- [YOUR OBJECTIVE]:
All entries are to be quoted exactly; the images stay out of the copy.

□ □ □ □ □

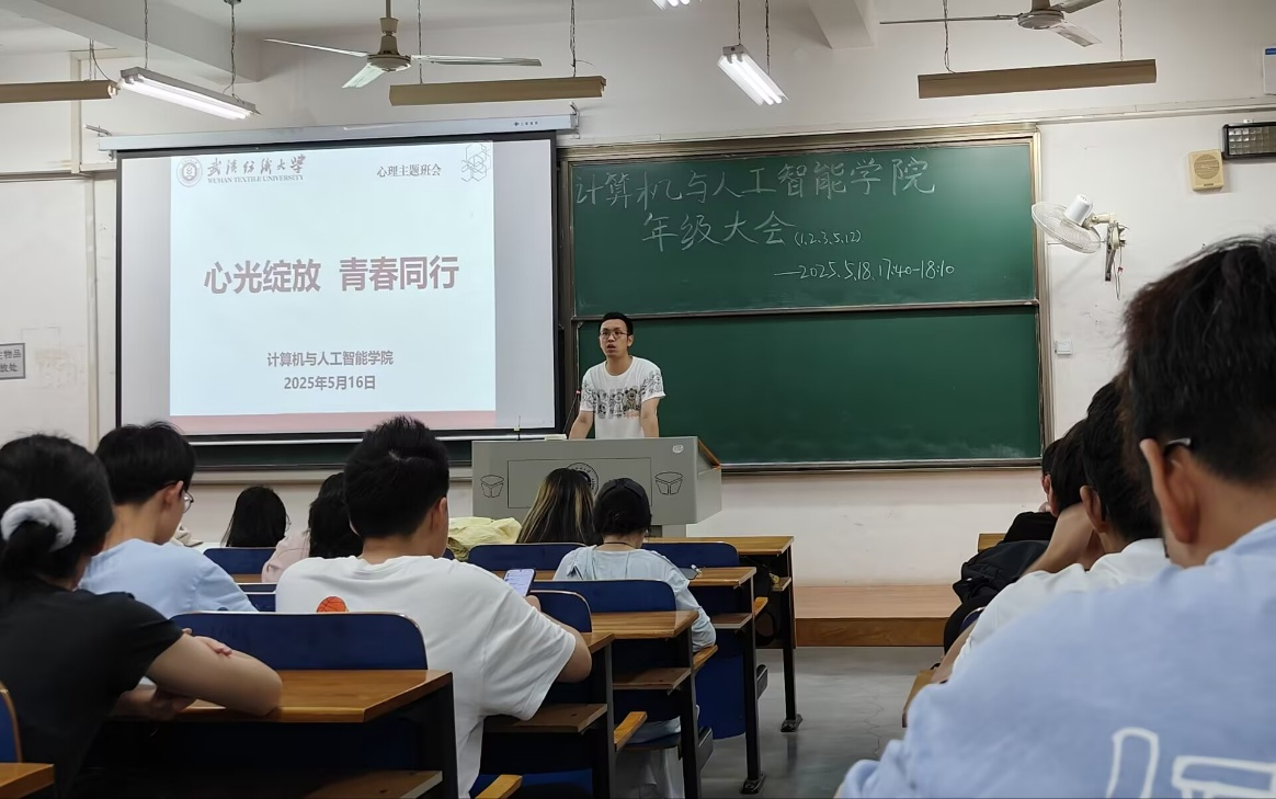 5月18日,k8凯发国际與人工智能學院召開了「心光綻放,青春同行」主題班會,聚焦「5·25我愛我」心理健康日,引導學生關愛自我、接納自我,培養持续健康的心理品質。此次班會由各班班主任、輔導員主持,全體同學共同參加。
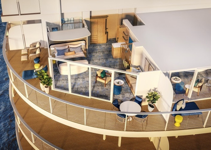 | I1 - Kajuta Infinite Ocean View 23 m² (včetně 4,5 m² verandy Infinite s výhledem na moře). 9,10,11. paluba. Max 4 osoby. | 139 893 Kč 46 631 Kč za osobu | ||
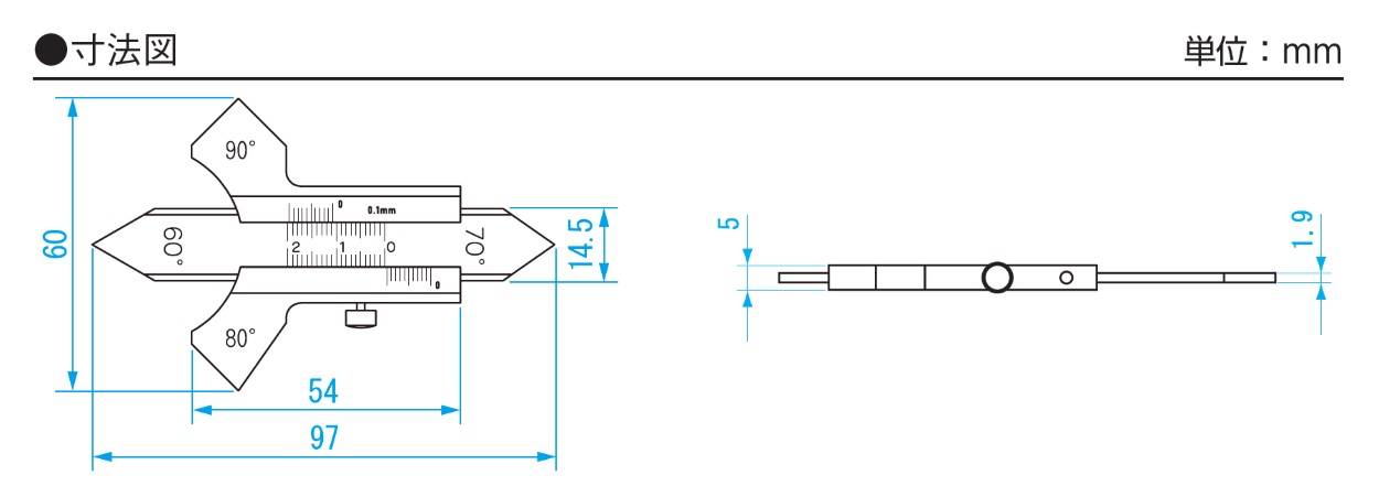 - ●各種角度が付いているので、角度ゲージとしても使用できます。
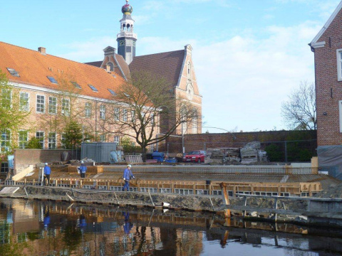Aufgrund der engen, teilweise historischen Bebauung ist eine verankerte Spundwand mit einem Stahlbetonaufsatz zur Ausführung gekommen. Aus gestalterischen sowie aus Gründen des Denkmalschutzes wurde die Ansichtsfläche mit einem nach innen gewölbten Klinkermauerwerk (preußische Kappe) aus Betonfertigteilen hergestellt.
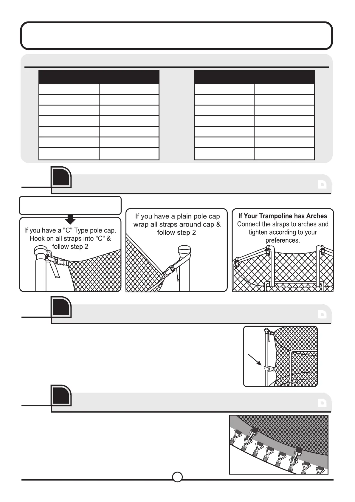 Connect bottom straps/clips to every few jumping mat
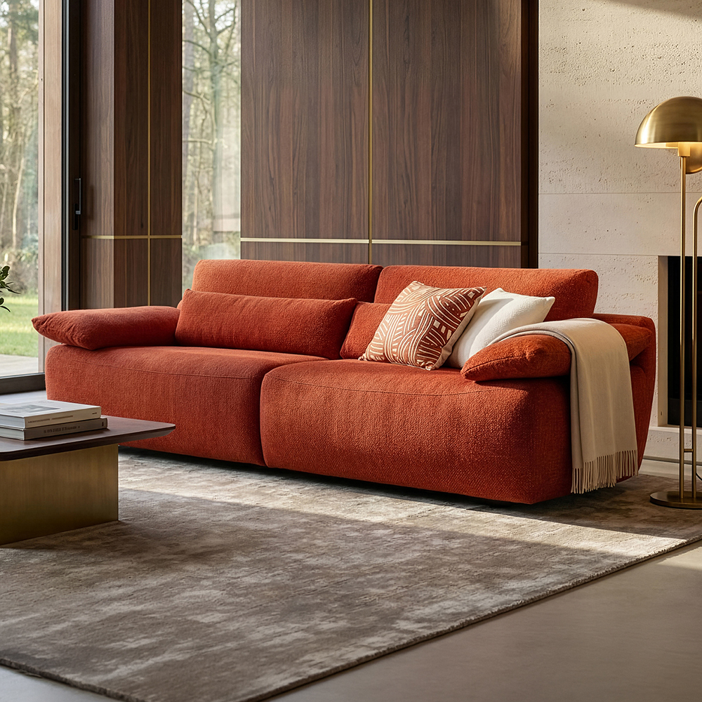 Le canapé SOLA réveille votre salon avec son coloris Chili vibrant et ses courbes audacieuses. Son design organique affirme sa présence tout en conservant une silhouette aérienne grâce à ses coussins d'accoudoirs effilés. Pensé pour s’adapter à votre intérieur, SOLA se module par pas de 10 cm et se décline dans de nombreuses configurations. Côté confort, cinq technologies d’assise vous permettent de choisir celle qui vous convient le mieux. Ce modèle se personnalise dans les moindres détails : large choix de tissus et de cuirs, version bicolore, surpiqûres contrastées parmi 14 teintes… Chaque combinaison révèle une personnalité unique. Et pour prolonger l’expérience, profitez des options relax : têtière relevable, repose-pieds électrique ou batterie intégrée dans l’accoudoir, sans câble apparent.
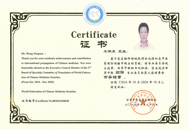 王银泉教授应邀出席并在理事会换届选举中当选该专业委员会的常务理事。王银泉同时在大会做了《16-18世纪在华耶稣会士中医西传活动考证》的学术报告,介绍了明末清初来华耶稣会士卜弥格、巴多明和殷弘绪通过翻译和科学考察报告等中西文化科技交流活动将中医文化传播到欧洲的历程。

□ □ □ □ □

- [EXPECTED OUTPUT]:
 5月18日,k8凯发国际與人工智能學院召開了「心光綻放,青春同行」主題班會,聚焦「5·25我愛我」心理健康日,引導學生關愛自我、接納自我,培養持续健康的心理品質。此次班會由各班班主任、輔導員主持,全體同學共同參加。
 | I1 - Kajuta Infinite Ocean View 23 m² (včetně 4,5 m² verandy Infinite s výhledem na moře). 9,10,11. paluba. Max 4 osoby. | 139 893 Kč 46 631 Kč za osobu | ||
 - ●各種角度が付いているので、角度ゲージとしても使用できます。
Aufgrund der engen, teilweise historischen Bebauung ist eine verankerte Spundwand mit einem Stahlbetonaufsatz zur Ausführung gekommen. Aus gestalterischen sowie aus Gründen des Denkmalschutzes wurde die Ansichtsfläche mit einem nach innen gewölbten Klinkermauerwerk (preußische Kappe) aus Betonfertigteilen hergestellt.
 Connect bottom straps/clips to every few jumping mat
 Le canapé SOLA réveille votre salon avec son coloris Chili vibrant et ses courbes audacieuses. Son design organique affirme sa présence tout en conservant une silhouette aérienne grâce à ses coussins d'accoudoirs effilés. Pensé pour s’adapter à votre intérieur, SOLA se module par pas de 10 cm et se décline dans de nombreuses configurations. Côté confort, cinq technologies d’assise vous permettent de choisir celle qui vous convient le mieux. Ce modèle se personnalise dans les moindres détails : large choix de tissus et de cuirs, version bicolore, surpiqûres contrastées parmi 14 teintes… Chaque combinaison révèle une personnalité unique. Et pour prolonger l’expérience, profitez des options relax : têtière relevable, repose-pieds électrique ou batterie intégrée dans l’accoudoir, sans câble apparent.
 王银泉教授应邀出席并在理事会换届选举中当选该专业委员会的常务理事。王银泉同时在大会做了《16-18世纪在华耶稣会士中医西传活动考证》的学术报告,介绍了明末清初来华耶稣会士卜弥格、巴多明和殷弘绪通过翻译和科学考察报告等中西文化科技交流活动将中医文化传播到欧洲的历程。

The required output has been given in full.